— INSTRUCTIONS TO FOLLOW —
Lines from the one containing "方位便覧の内容のほか、毎日の干支九星・刻盤が記載されています。" through the final line of the data, restated word for word and free of pictures, make up the whole answer.

Collection entries
::::::::::

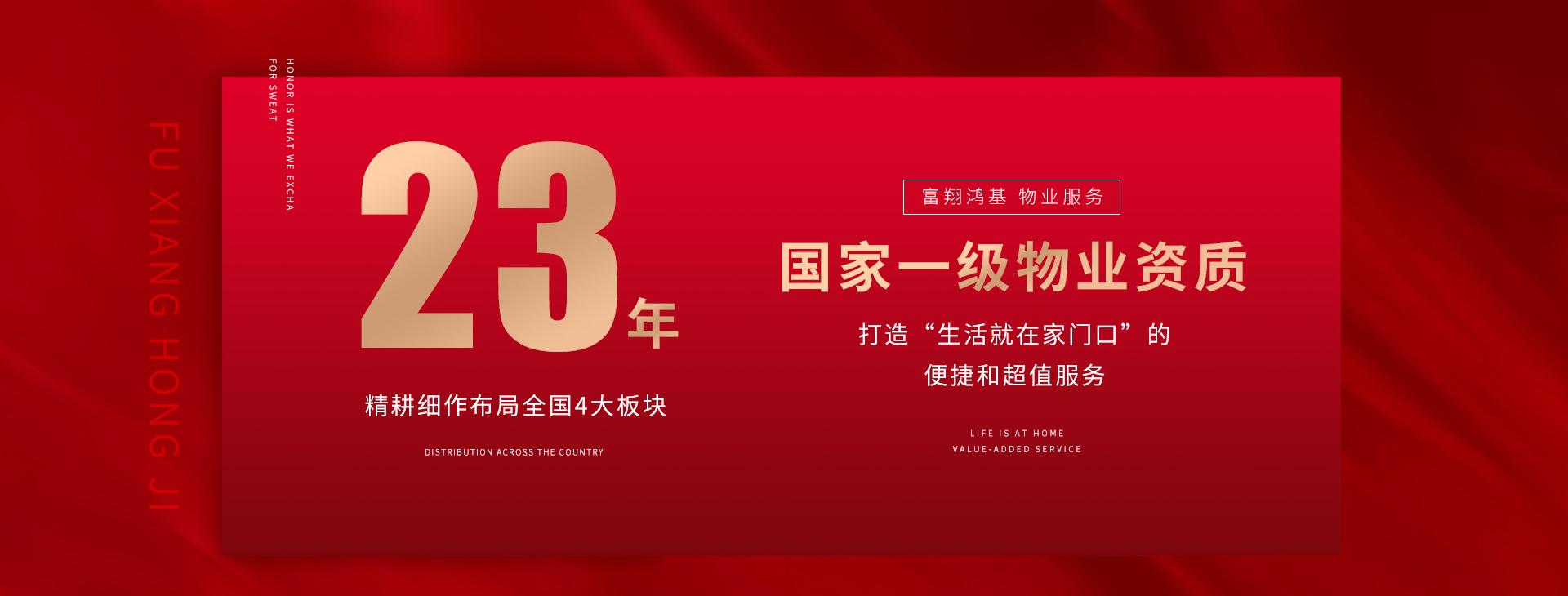 廣西富翔鴻基物業服務有限責任公司成立于2001年5月,注冊資金為人民幣1000萬元,為中國物業協會理事單位,廣西物業管理專業委員會副主任單位,桂林市物業服務行業協會副會長單位。自成立以來,嚴格遵循“業主至上”的工作宗旨,大力倡導“嚴格苛求、自覺奉獻”的工作精神。
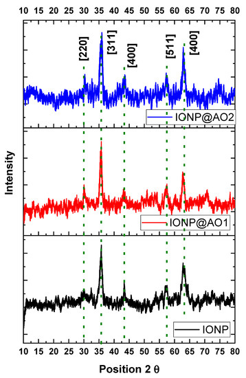 XRD spectra unfunctionalized IONP and functionalized IONP@AO.
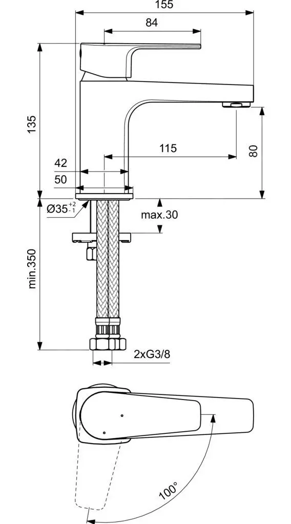 - tecnología BlueStart ahorra energía y agua, el agua fría fluye con la palanca en posición central
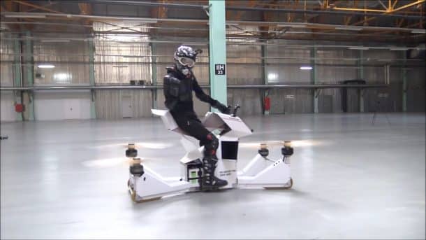 而大公司保持风险缓解”作为最高的担忧,后院爱好者不介意危及自己实验室的老鼠。这个莫斯科气垫船的四轴飞行器设计看起来像一个冒险的自行车。视频发布功能骑士身穿轻型摩托车齿轮在一个仓库中,徘徊在足够高,屋顶随时联系。
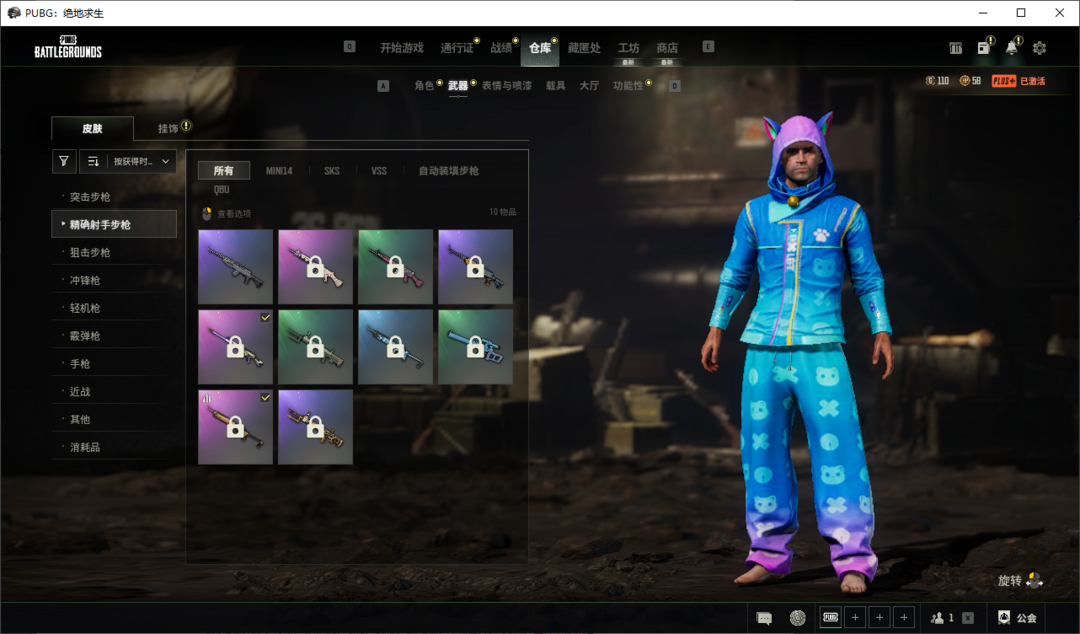 装备描述:可排位✨唐三藏SLR✨弥诺陶洛斯MINI14✨灵魂枷锁AKM✨希腊怪物QBU✨电玩主播套✨渔夫帽✨柏林觉醒长裤✨兴致索然套✨人类猎手探险套✨蓝仙女套✨沙滩兄弟套✨狐狸侯爵套
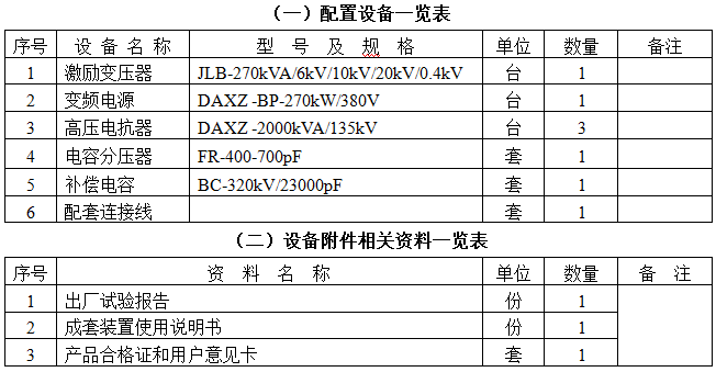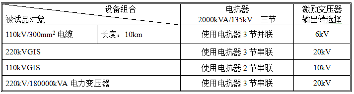 串联谐振装置容量定为6000kVA/405KV,分三节电抗器,电抗器单节为2000kVA/135kV/14.8A/42H通过组合使用能满足上述被试品的试验要求。
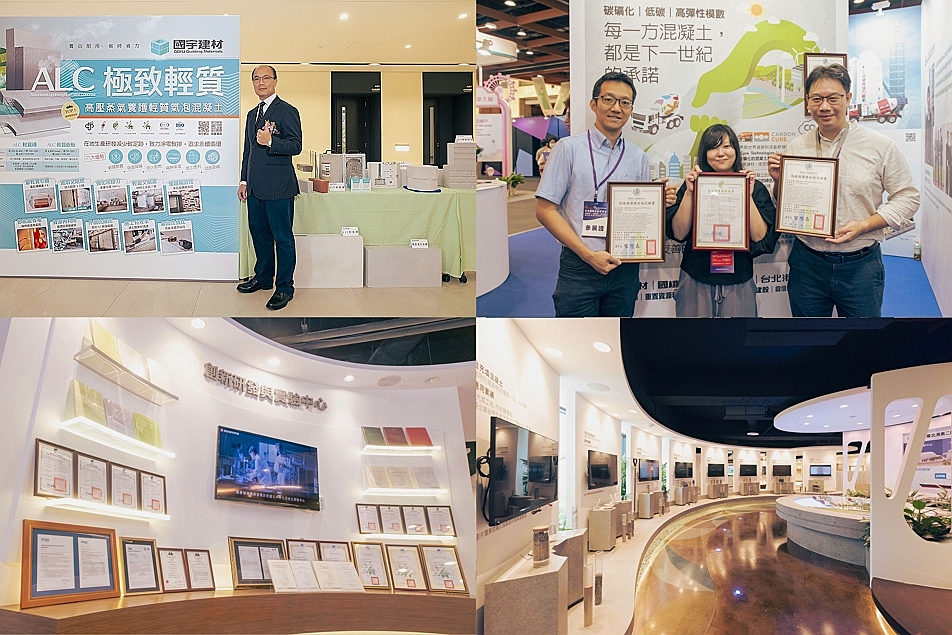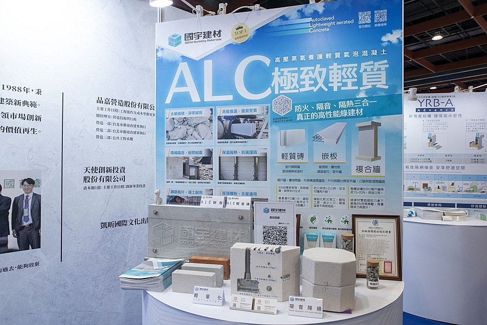 國產建材實業攜手旗下國宇建材參與台北國際金融博覽會的「都更主題館」,展出一系列獲得低碳循環認證的混凝土產品,以及國宇ALC環保綠建材。
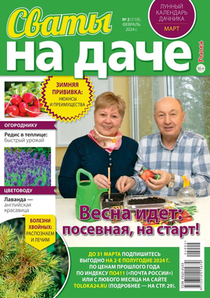 В журнале «Сваты на даче» вы узнаете, как проще, быстрее и без неимоверных усилий добиться высоких урожаев и обустроить дачный быт. В одном журнале 300 подсказок: самые действенные и доступные методы посева и посадки садово-огородных культур, ухода за ними, борьбы с вредителями и болезнями.
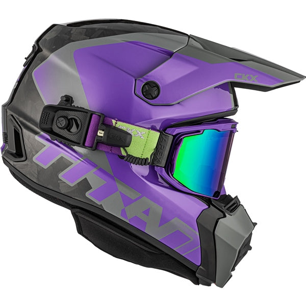 APEX magnetic goggles are now a must-have accessory to complement the Titan AMS. They’ve been engineered to provide a peripheral view that’s so big, they’re practically invisible! They’re also easy to handle and the lenses can be quickly changed. They’re designed to perfectly match the Titan AMS helmet’s opening, thereby providing optimal protection against the cold and snow. Moreover, they come with a RapidClip strap so snowmobilers can easily put them on top of their helmet or to the side with only one hand.
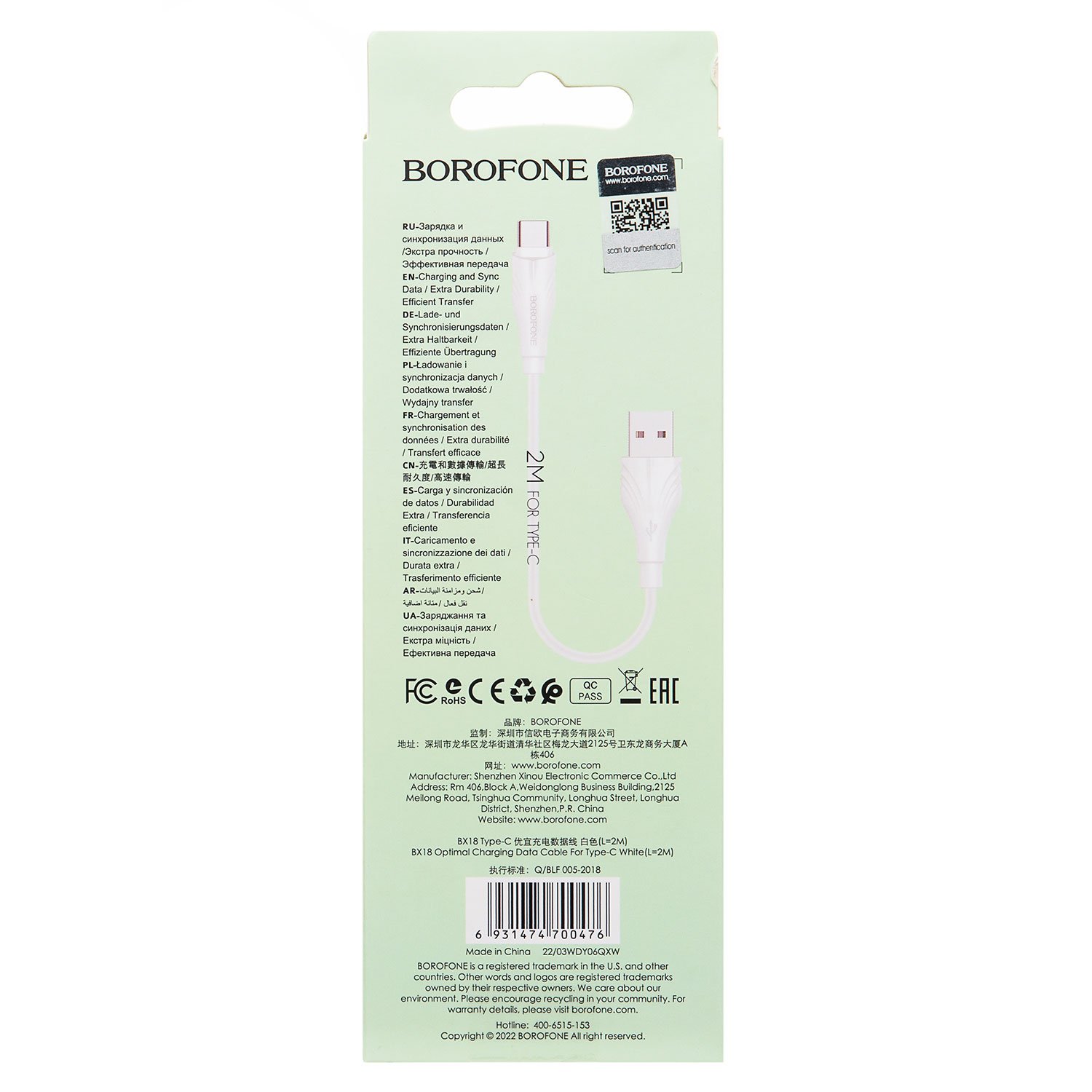 Кабель USB - Type-C Borofone BX18 18W 200см 3A (white)
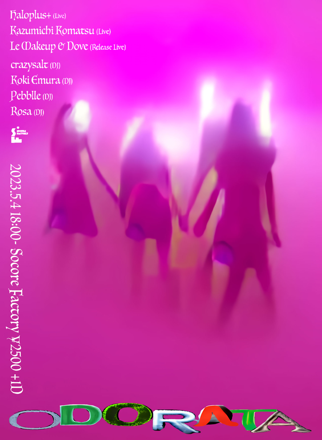 2月発表の2ndフル・アルバム『Odorata』が話題となっている井入啓介 aka Le Makeupが、同作のリリース・ライヴ「Odorata」を5月4日(木)に大阪・南堀江 SOCORE FACTORYにて開催。当日に先駆け、Kazumichi Komatsu(小松千倫) fka Madeggが手がけたフライヤー・アートが公開されています。
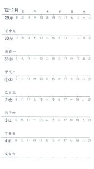 方位便覧の内容のほか、毎日の干支九星・刻盤が記載されています。
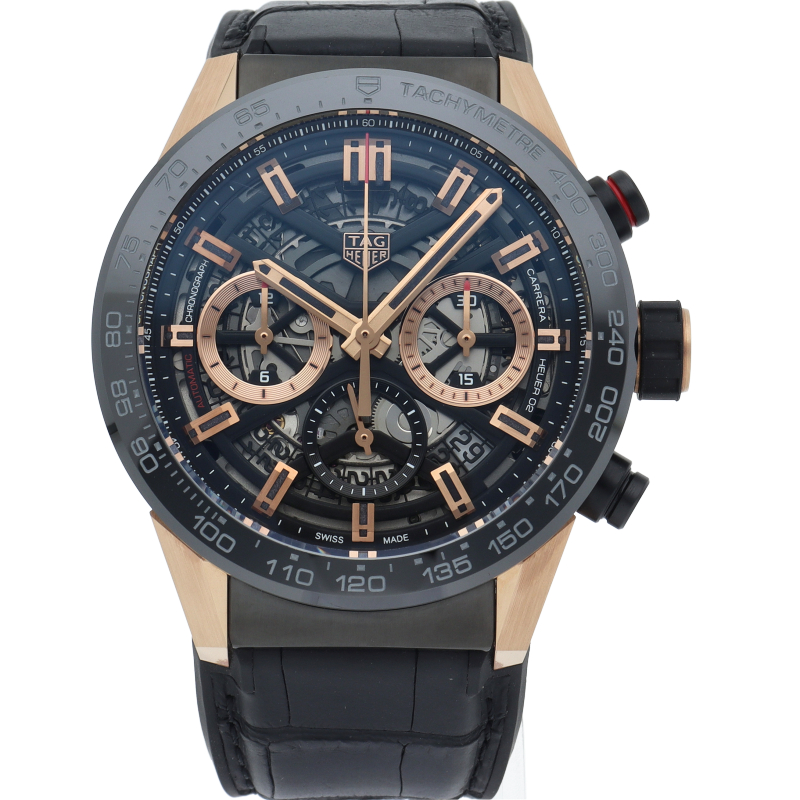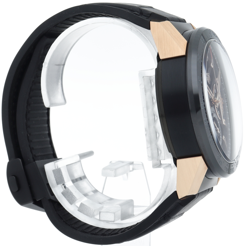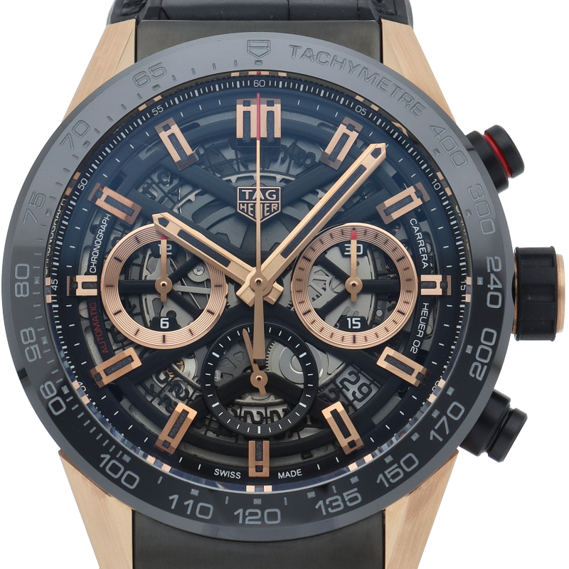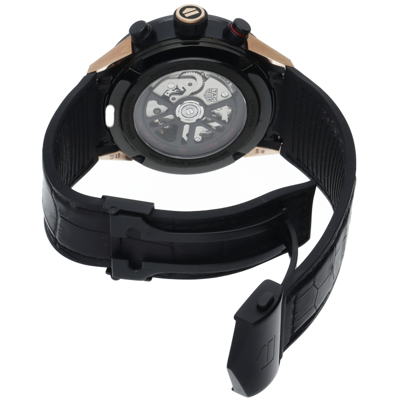 アリゲーター&ラバー製ブラックストラップを備えた、ブラックスティールとローズゴールドが美しいタグ・ホイヤー カレラ ホイヤー02。43mm自動巻クロノグラフに搭載された80時間パワーリザーブ機能付きムーブメントは、サファイアケースバックから眺めることができます。
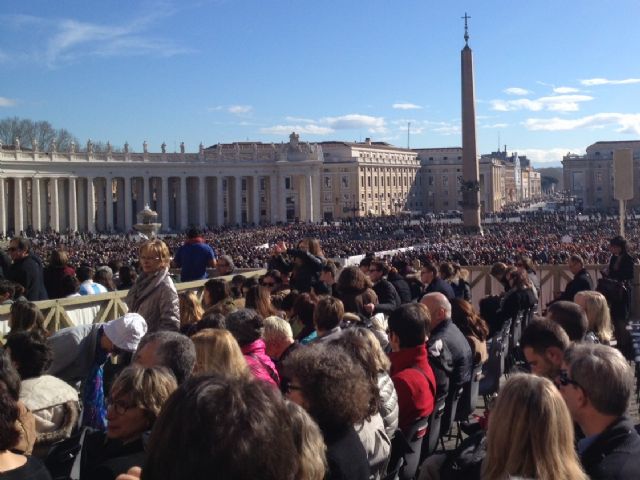 El grupo entero ha participado esta mañana en la Audiencia General que todos los miércoles realiza el Santo Padre en la plaza de San Pedro; durante la cual, el alcalde y el hermano mayor, acompañados por Mons. Lorca Planes, le han hecho entrega al Santo Padre de una réplica en plata de la Santísima y Vera Cruz y de unos paños bordados por las clarisas de Caravaca. Ante este último regalo el Papa Francisco ha asegurado que rezará por ellas y les ha pedido a los caravaqueños que les digan a las clarisas que recen por él.

::::::::::

— WORKED SOLUTION —
 方位便覧の内容のほか、毎日の干支九星・刻盤が記載されています。
 アリゲーター&ラバー製ブラックストラップを備えた、ブラックスティールとローズゴールドが美しいタグ・ホイヤー カレラ ホイヤー02。43mm自動巻クロノグラフに搭載された80時間パワーリザーブ機能付きムーブメントは、サファイアケースバックから眺めることができます。
 El grupo entero ha participado esta mañana en la Audiencia General que todos los miércoles realiza el Santo Padre en la plaza de San Pedro; durante la cual, el alcalde y el hermano mayor, acompañados por Mons. Lorca Planes, le han hecho entrega al Santo Padre de una réplica en plata de la Santísima y Vera Cruz y de unos paños bordados por las clarisas de Caravaca. Ante este último regalo el Papa Francisco ha asegurado que rezará por ellas y les ha pedido a los caravaqueños que les digan a las clarisas que recen por él.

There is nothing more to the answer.